I approached him, wondering if I should bid him farewell. I pondered for an instant. I had grown to respect him. I wanted to say goodbye. And yet—
Then I caught the faintest of his thoughts and I stiffened. Instantly and unconsciously my mind thrust out probing fingers and grasped the predominant idea in the Creator’s mind.
“Destroy the mass of created matter—the universe which is mine—created by me—create matter—destroy it. It is a laboratory product. Test my destructive—”

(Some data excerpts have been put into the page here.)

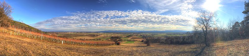 Panoramablick über die Weingärten, knapp oberhalb des Winzendorfer Ortsrandes. Hierher oder ins Bild klicken für eine größere Darstellung.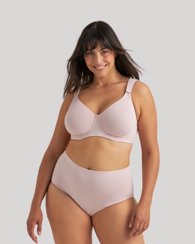 Organic Cotton-kollektionen omfatter vores første formstøbte bomulds-BH. Både formstøbte BH'er og bomulds-BH'er er et Miss Mary-varemærke, men det er første gang, vi har kombineret deres styrker i ét og samme produkt. Dette er en stilfuld og behagelig BH, der er virkelig behagelig. Skålene er ikke vatterede og har en rund form uden sømme, så BH'en ikke kan ses under tøjet. Både den brede ryg og siderne giver en god stabilitet, mens de brede, vatterede stropper giver en ekstra komfort.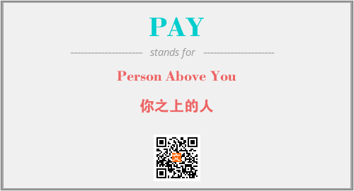 上述内容是“Person Above You”作为“PAY”的缩写,解释为“你之上的人”时的信息,以及英文缩略词PAY所代表的英文单词,其对应的中文拼音、详细解释以及在英文中的流行度和相关分类、应用领域及应用示例等。

“Why, you damn murderer,” I screamed, and threw myself at him.
Light fingers flicked out at me, whipped around my body, snapped me into the air and heaved me across the laboratory. I struck on the smooth floor and skidded across it to bring up with a crash against the wall.
I shook my head to clear it and struggled to my feet. We must fight the Creator! Must save the universe! Save it from destruction by the creature who had created it!
I came to my feet with my muscles bunched, crouched in a fighting posture.
But the Creator had not moved. He stood in the same position and a rod of purple light extended between him and the queer machine of the walking-stick man. The rod of light seemed to hold him there, exactly as if it were a spear which had been thrust into him. Beside the machine stood the walking-stick-man, his hand on the lever, a mad glare in his eyes.
Scott was slapping the gangling fellow on his slender back.
“You’ve got the goods, old man,” he was shouting. “That’s one trick old frozen face didn’t find out from you.”
A thunderous tumult beat through my head. The machine of the walking-stick-man was not a transmission machine at all. It was a weapon, a terrible weapon, which could freeze the Creator into rigid lines.
Weird colors flowed through the Creator. Dead silence lay over the room. The machine of the walking-stick-man was silent, with no noise to hint of the great power it must have been developing. The purple rod did not waver. It was just a rigid rod of purple which had struck and stiffened the Creator in his tracks.